That "selling a copy" did not stop working. Even with piracy, which has been around a lot longer than 10 years, it generates billions in revenue. It's more that it doesn't work for them in terms of the strict control they would like to have over your use of it. But for a sale, protecting a copyright and controlling use may overlap to a certain extent, but are very different things.
Copyright is not impossible to enforce to a reasonable extent. A system where revokable keys to copyrighted content would have to be provided to anyone able to pay some reasonable fee. Their device or application would stand up to a court assessment similar to the betamax and limewire cases (including risk for damages if it doesn't), and revokable keys would make such rulings enforceable enough.

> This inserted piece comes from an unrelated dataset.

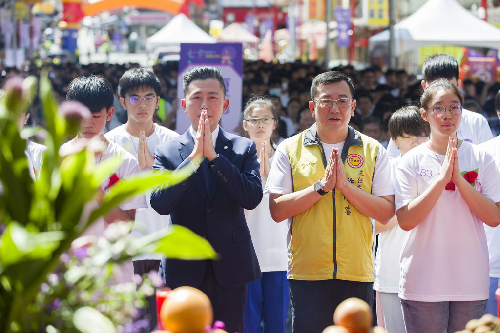 ▲竹蓮寺七夕成年禮 林智堅市長為學子脫絭祝福。(圖/新竹市政府提供)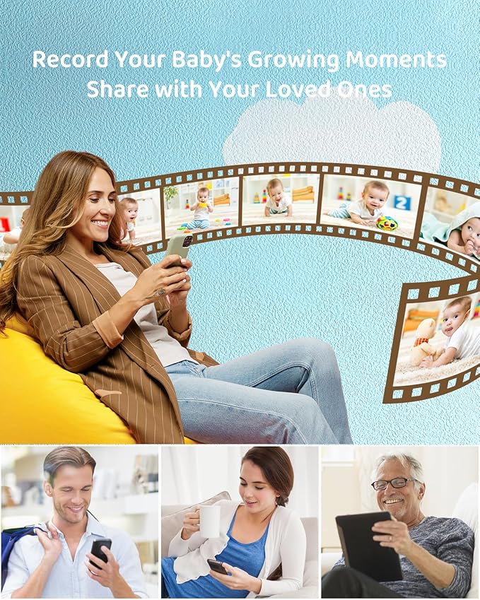 - Remote Pan-Tilt-Zoom:The baby monitor with camera and night vision cover every angle with its 355 degree pan and 60 degree tilt and digital 4 X zoom in/out feature, you can remotely watch your baby more closely via your cellphone App and LCD screen

That would be enforcing copyright.
Licensing the ability to make devices that can access peoples' purchased content on the conditions that they will only function as content holders see fit is controlling use. That this scheme effectively supersedes any rights that a purchaser might legally have and, more than anything, I think has signified the shift to what could be described as an "Imaginary property" model. Since this model became prevalent with the rise DVD 10 years ago, that would coincide with your estimate.
I don't really see those "free as in beer" people as being all that different from the MPAA/RIAA. They both think they can define what property really means on the basis of the beliefs that suit them, actual laws (hopefully made without corrupting influences) that define such things and related rights be damned. They are just on the other side of the same coin.